Juan Sheridan

Profile
- Positions: Guard • Offensive tackle

Personal information
- Born: February 2, 1925 Havana, Cuba
- Died: October 7, 1969 (aged 44) Howick, Quebec, Canada

Career history
- 1944: St. Hyacinthe-Donnacona Navy
- 1946–1947: Toronto Indians
- 1948: Toronto Balmy Beach Beachers
- 1949–1957: Montreal Alouettes

Awards and highlights
- 2× Grey Cup champion (1944, 1949);

= Juan Sheridan =

Canadian football player (1925–1969)

Juan Sheridan (February 2, 1925 – October 7, 1969) was a Grey Cup champion Canadian Football League player.

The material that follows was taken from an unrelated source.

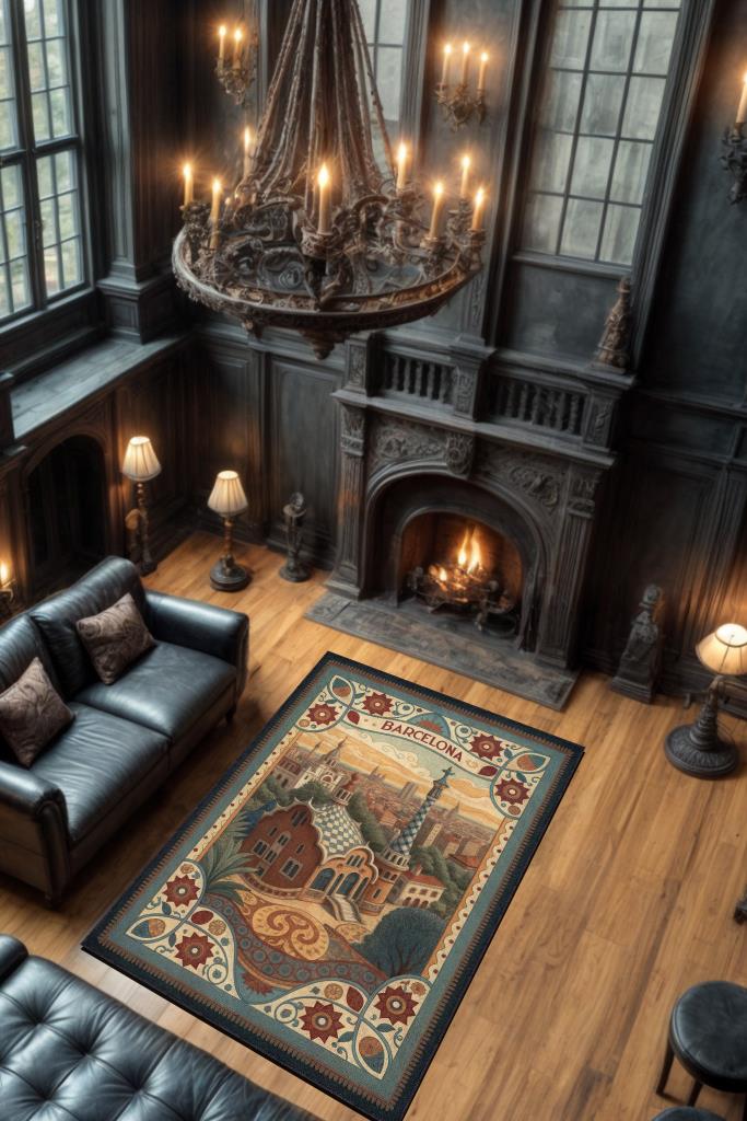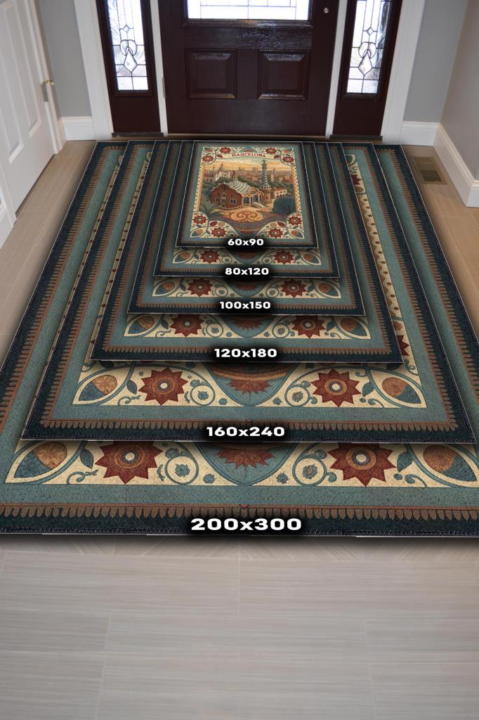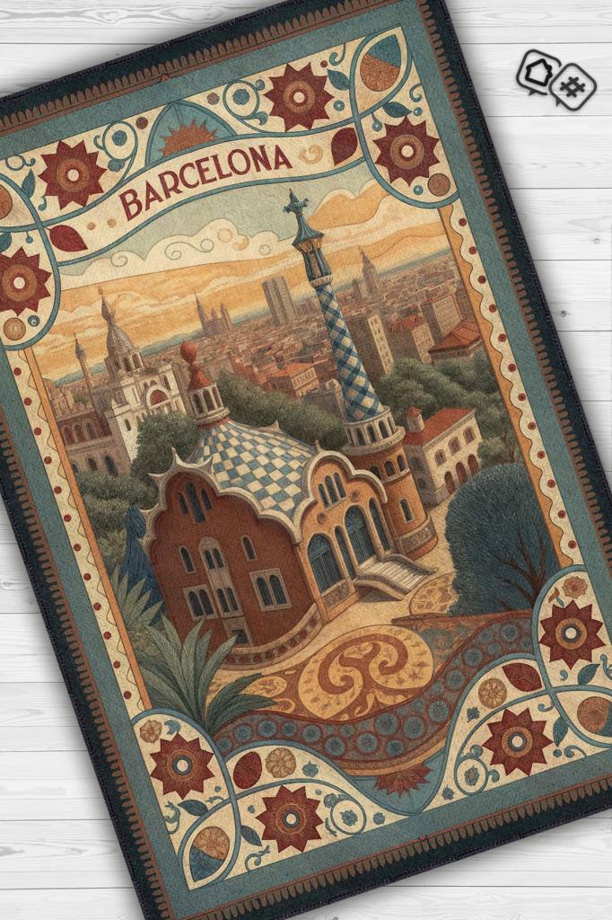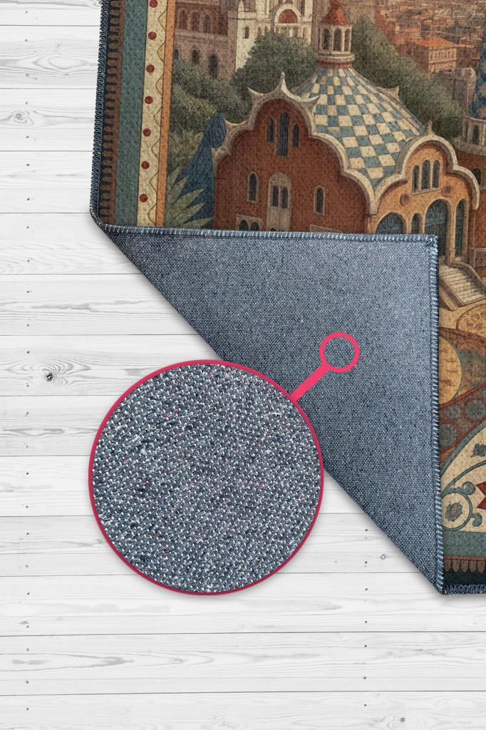 Homshtag Şehirlerde Barselona Temalı Dijital Baskılı Yıkanabilir Pamuk Tabanlı Barsolena Temalı Halı

Sheridan won his first Grey Cup with Montreal St. Hyacinthe-Donnacona Navy team in 1944 (when league play was suspended during World War II.) After three seasons in the Ontario Rugby Football Union with the Toronto Indians and Toronto Balmy Beach Beachers, he began a nine-year career with the Montreal Alouettes. Over the course of 105 regular season games he scored only 1 touchdown, but his football fame came as a member of the Als first Grey Cup winning team in 1949.

Sheridan spoke Russian fluently, and translated on behalf of the Soviet Union national ice hockey team on their tour of Canada in 1962.

Sheridan died of a heart attack on October 7, 1969, in Howick, Quebec, aged 44.